As a rule, such leadership competencies as ethics, intellectual capacity, and maturity are considered fundamental ones; new employees should shape their skills in order to gain more job experiences in terms of successive levels. The training process should be aimed at developing leadership skills and other skills and experience that can appear helpful while day-to-day maintenance and interactions between members of groups. Though the effectiveness of training programs cannot always be appreciated by learners at once in the course of the training process, the impact of the learning process on productivity can scarcely be overestimated.
The lululemon had to propagate their vision of healthy and active lifestyle among their member staff; this concept became predominant in the company and the lululemon manifesto is the brightest evidence to the development of the healthy life ideas among the employees. The manifesto contains recommendations on the ways people in the company should act in everyday life and while making decisions and defining the long-term and short-term goals.
The company has a great number of retail stores which play the role of communication centers for the representatives of the lululemon athletica interact with customers via these stores. Lululemon ambassadors are known as people, “local athletes, instructors and/or role models in our communities where there is a lululemon store that embody the lululemon lifestyle” (lululemon, 2010, FAQ) that help to test the products and give their feedback in terms of quality and preferences of the athletic clothing. As the responsibility division suggests two variants of sharing responsibility, according to Corey & Corey (2006, pp.164-165), a leader can share responsibility of the goals and results reached by the group or can be responsible only for his/her independent actions. In terms of this division, the lululemon is the company with teams and leaders which assume the total share of responsibility and create an appropriate atmosphere for customers and newcomers.
Every business has its environment which includes market and nonmarket strategies that are aimed at promoting the company in the market and developing its resources to the full extent. As a rule, the strategic issues are planned by groups of project managers that assume the total share of responsibility for defining and reaching goals with regard to the methods chosen to do that. Some companies fail to implement appropriate strategies into their business, while others, suchlike lululemon Athletica Inc. succeed in using integrated market and nonmarket strategies.
As the nonmarket environment presupposes the functioning of public perception, public politics, suchlike lobbying, regulatory changes, or inviting athletes to participate in testing of new products, and court or regulatory scrutiny, it is necessary to take into account the importance of the customers’ adequate feedback on the design, function, and appropriateness of athletic clothing in terms of fabrics and quality. The public perception was reached by the lululemon through engaging customers in stores to participate in yoga classes and trying the products in practise. In addition, people are encouraged to lead healthy lives when they have a great number of facilities to fulfill their desires.

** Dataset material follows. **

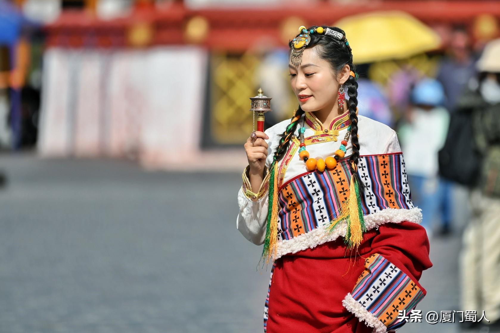 有人说,拉萨从来不乏美女,那是一种灵动的美,一种原生态之美。在发现美的世界里,你只有到雪域草原、牧人毡房、圣湖之畔,宗寺古街,方能得遇佳人,看似成了一种奢望。而在拉萨街头,美无处不在,其中,穿戴着绚丽多彩的藏族服饰的俊男美女穿梭大街小巷旅拍留影,给这座高原古城平添了华丽时尚之美。

The community legacies at lululemon are aimed at propagating the initiative manner of acting and making decisions; this strategy concerns the responsibility shared by each separate member of the company and the team as the whole. The company succeeds in using integrated strategies and benefits from using market and nonmarket strategies because the company does not just introduce the options but also demonstrate the ways they can be used. It is important that the stores of the company have consultants that follow the company’s manifesto and try to inspire people around to live more healthy and active lives. The lululemon can be considered a successful entrepreneurship in terms of using integrated market and nonmarket strategies.